At the AWS Summit in New York City on Wednesday, July 26, the tech giant announced new AI models and agents in Amazon Bedrock, a new data analytics service called AWS Entity Resolution and other generative AI-enhanced services.
- New additions to Amazon Bedrock
- AWS Entity Resolution record-linking tool announced
- Vector engine adds generative AI insight into OpenSearch Serverless
- QuickSight Q is an AI assistant for business intelligence
New additions to Amazon Bedrock
AI models added to library
Command from Cohere, Claude 2 from Anthropic and Stable Diffusion XL 1.0 from Stability AI have now been added to Amazon Bedrock’s list of available models. Amazon’s own Titan, a text generation model that can also summarize text, answer questions or pull information from pools of data, and foundation models from AI21 Labs are also included in the Bedrock library.
- Command, Cohere’s text generation model, can write or summarize prose and dialogue. Cohere’s Senior Vice President of Engineering Saurabh Baji said in a press release, “This collaboration will provide our joint customers with the greatest possible flexibility in ways to access our cutting-edge technology.”
- Claude V2 can now read documents of up to 100,000 tokens in AWS — an entire book — pointed out Swami Sivasubramanian, vice president of Databases, Analytics, and ML at AWS, at the summit.
- Stable Diffusion XL 1.0 can produce text, images, audio, video or code.
The new models are now available for Amazon Bedrock customers.
Agents now available in Bedrock
Agents have also been added to Amazon Bedrock. These enable developers to hook foundational models to their own organization’s data source through API calls, cutting down on the amount of time and the number of clicks it takes to build a custom AI-powered application such as a customer service bot.
“This is a net new capability for developers to enable generative AI applications to complete tasks in just a few clicks … without having to write any code,” said Sivasubramanian.
SEE: AWS invests $100 million in Generative AI Innovation Center (TechRepublic)
AWS Entity Resolution record-linking tool announced
The AWS Entity Resolution analytics service uses machine learning to match and link records.

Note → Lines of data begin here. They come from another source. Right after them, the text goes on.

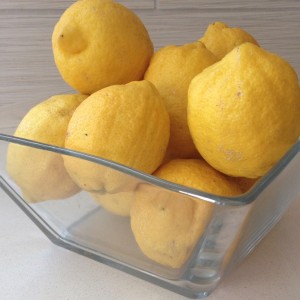 As you know I have a love / hate relationship with sugar: I love it’s taste but hate that sugar makes me fat and lethargic. So, when a client gave me a bushel of organic lemons from her tree today, I knew I had to share my simple 3 ingredient Stevia-Sweetened Lemonade recipe. At 20 calories and only 2 grams of sugar, that being the natural fructose from lemons, you can afford to imbibe on this refreshment.
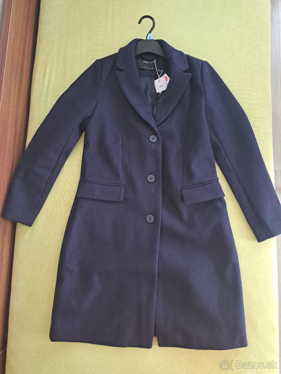 Tmavomodry kabat Sinsay, nenoseny novy este s vysackami. Velkost S - 36, rozmery vo fotkach. Povedala by som, ze prechodny. Zapinanie na 3 gombiky, vrecka, hladka podsivka. Pov. cena 29,99 e.
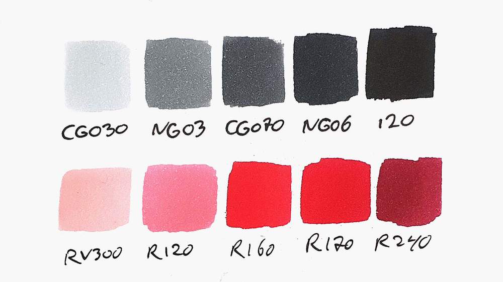 To make this drawing, I used Ohuhu Honolulu markers in the colors Colorless Blender (0), Neutral Grey 03 (CG030), Neutral Grey 3 (NG03), Neutral Grey 07 (CG070), Neutral Grey 6 (NG06), Black (120), Tender Pink (RV300), Light Prawn (R120), Cadmium Red (R160), Lipstick Red (R170), and Garnet (R240).
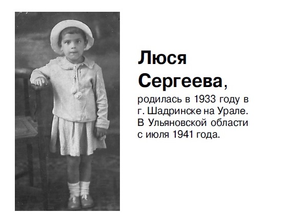 В Ульяновск мы ехали через Москву. У мамы были какие-то деньги (или документы? Кажется, они назывались литер), по которым она купила мне пальто с воротничком, платье для школы, оно мне было велико – трикотажное, красное с синими крапинками. (Всё помню). И купила нам с сестрой по шапке. С этим мы едем дальше.

“To ensure you have the right, relevant, high-quality data to train your models or customize these FMs for your use cases, you need a strong data foundation,” Sivasubramanian said.
To do so, AWS Entity Resolution can help business analysts and developers create workflows to gather, display and analyze large amounts of data. For example, AWS said, it might help a finance organization prevent fraud by connecting data between different accounts and credit cards.
AWS Entity Resolution is generally available now for AWS customers in the Asia Pacific, Europe, the U.K. and U.S. regions. For full geographical details, read the press release.
Vector engine adds generative AI insight into OpenSearch Serverless
The vector engine is a new offering within OpenSearch Serverless that lets developers track and store vector endings (i.e., data points that tell a large language model which words are related to one another) alongside other business data and text. Vector engines are intended to make it easier to use OpenSearch Serverless to create machine learning-augmented search portals and generative AI applications.
“This vector engine offers simple, scalable and high-performing vector storage and search without having to manage any infrastructure,” Sivasubramanian said.
Vector engines within OpenSearch Serverless are now available for preview for AWS customers in the U.S., U.K., Asia Pacific and Europe regions; read the press release for more geographical details. The first 1,400 hours of proprietary capacity units per month will be available for up to two weeks of free usage, depending on the workload.
QuickSight Q is an AI assistant for business intelligence
Generative AI integrations are coming to the business analytics tool Amazon QuickSight.
The new tool, called QuickSight Q, is intended for business analysts who spend a lot of time exploring data and creating visuals. They will be able to instruct QuickSight Q to create charts and dashboards from business data and to summarize that data using a feature called Create Story.
Ideally, human-in-the-loop AI assistance might end up being a sweet spot for business use between improving efficiently with bots and not simply cluttering up a service. It’s too early to say whether assistance like this will actually make workdays easier or whether Q will go the way of Microsoft’s ostensibly helpful Clippy.